Compact Fluorescent Bulbs: Don’t Freak Out About Mercury

Since An Inconvenient Truth came out in 2006, the secret has been out: installing those little twisty light bulbs saves money and saves energy. Since they last longer AND use less power, one bulb can save $40 over its lifetime.

a man installing a CFL bulb

photo from US Navy / flickr

But we often hear questions about the mercury inside.

We decided to do some research and see for ourselves.

Yes, it’s true: compact fluorescent light (CFL) bulbs contain mercury. Mercury isn’t healthy — remember middle-school science? — but the good news is that using CFL bulbs actually reduces mercury pollution overall.  Here’s how:

A good deal of our electricity in this country comes from coal. Coal isn’t clean – far from it, in fact. Burning coal is actually the #1 source of mercury pollution. So a bulb that uses less electricity means less mercury in the environment. In fact, using a traditional (“incandescent”) bulb causes almost four times as much mercury pollution as using a CFL.

So: definitely swap your bulbs. If you break one, clean it up! See this quick guide. And don’t stop at swapping your bulbs! Get friends, family members, neighbors on board — hey, why not get your whole school district involved?

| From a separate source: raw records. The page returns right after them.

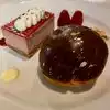 The ship interior is certainly beautiful but it felt as though that was relied on too much. The service was sporadic. Three times our table had to request or remind servers that we were waiting for or were without items.the servers were sweet but I think lacked training. The food; I have to admit to being stunned to hear it was a 4 diamond restaurant! The food no way reflected that. It was, in truth, incredibly average and very overpriced. My starter was quite literally a bowl of cos leaves! My main was made for me as I am vegan. It was fine. There was no pudding for me and nor was o offered an alternative. It was such fun watching all the other guests enjoying their desserts !!!!
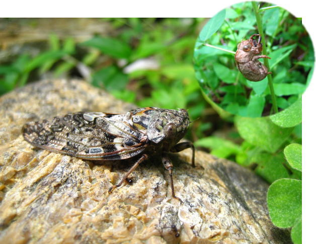 じっとしているヒグラシを発見。ここぞとばかりに写真を撮りまくりました。近くに小さな抜け殻があったので、こいつから抜け出て来たところだったのかも知れません。 |
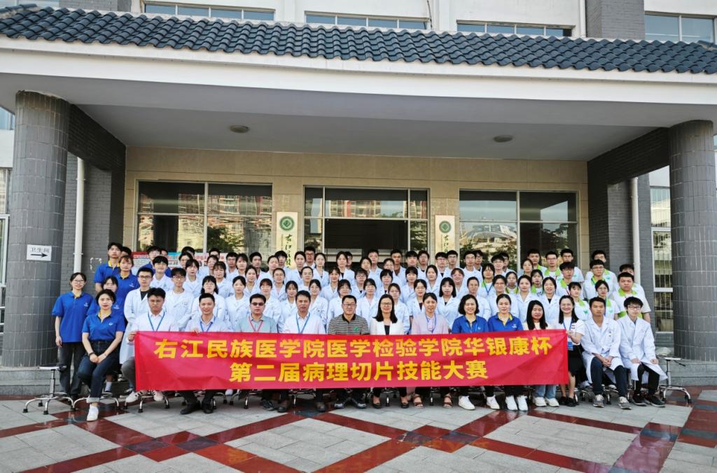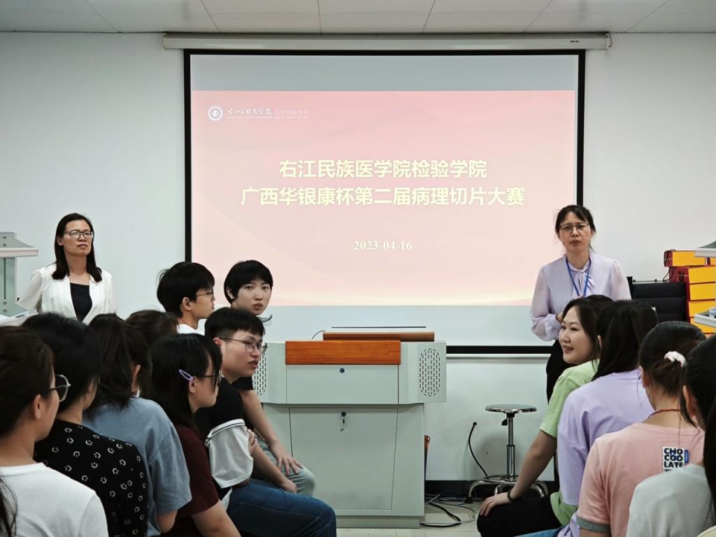 4月16日,由太阳成集团tyc122cc举办,临床病理诊断与研究中心承办,广西华银医学检验所协办的生物医药与大健康现代产业公司校企协同育人之华银康杯第二届病理切片技能大赛在公司西区综合楼医学实验技术实验室顺利举办。来自19级医学实验技术本科实习生、华银培训生和20级医学实验技术本科专业大学三年级员工共65名选手同场竞技。大赛评委来自广西华银医学检验所病理实验室赵维聪主任、百色市人民医院病理科副主任李旭祥、临床病理诊断与研究中心黄炳臣主任、唐奇燎老师四位资深病理专家。太阳成集团tyc122cc副经理兼生物医药与大健康现代产业公司副经理庞雅琴和医学实验技术专业负责人朱晓莹到场观看竞赛,副经理庞雅琴进行了大赛开幕致辞。
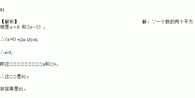 如果一个数的平方根是a+6和2a﹣15,则这个数为________.

2 thoughts on “Compact Fluorescent Bulbs: Don’t Freak Out About Mercury

  1. Leslie Keenan

    The problem we see is that the bulbs don’t last anywhere near the number of hours advertised, especially a lot of the cheaper Chinese made ones. And if the numbers are based on the advertised life versus the actual life of the bulbs, they could be way off.

  2. Karen

    I’ve converted my home away from incandescent bulbs. I believe it’s the right and green thing to do. The mercury doesn’t worry me as it’s such a tiny amount and as you say using more coal-fuelled electricity generates more mercury anyway – although I have also seem some stats which call that into question. Nonetheless, the mercury isn’t a big thing. The previous commenter is correct, cheaper bulbs in general do not last as long. With CFLs I find I get what I pay for. However, the radiation issue is what concerns me, as well as the eye problems with pure white CFLs, and so I’m gradually moving over to LEDs. More expensive, but I think they’re worth it. The research you say you did for this article doesn’t seem to cover any of this?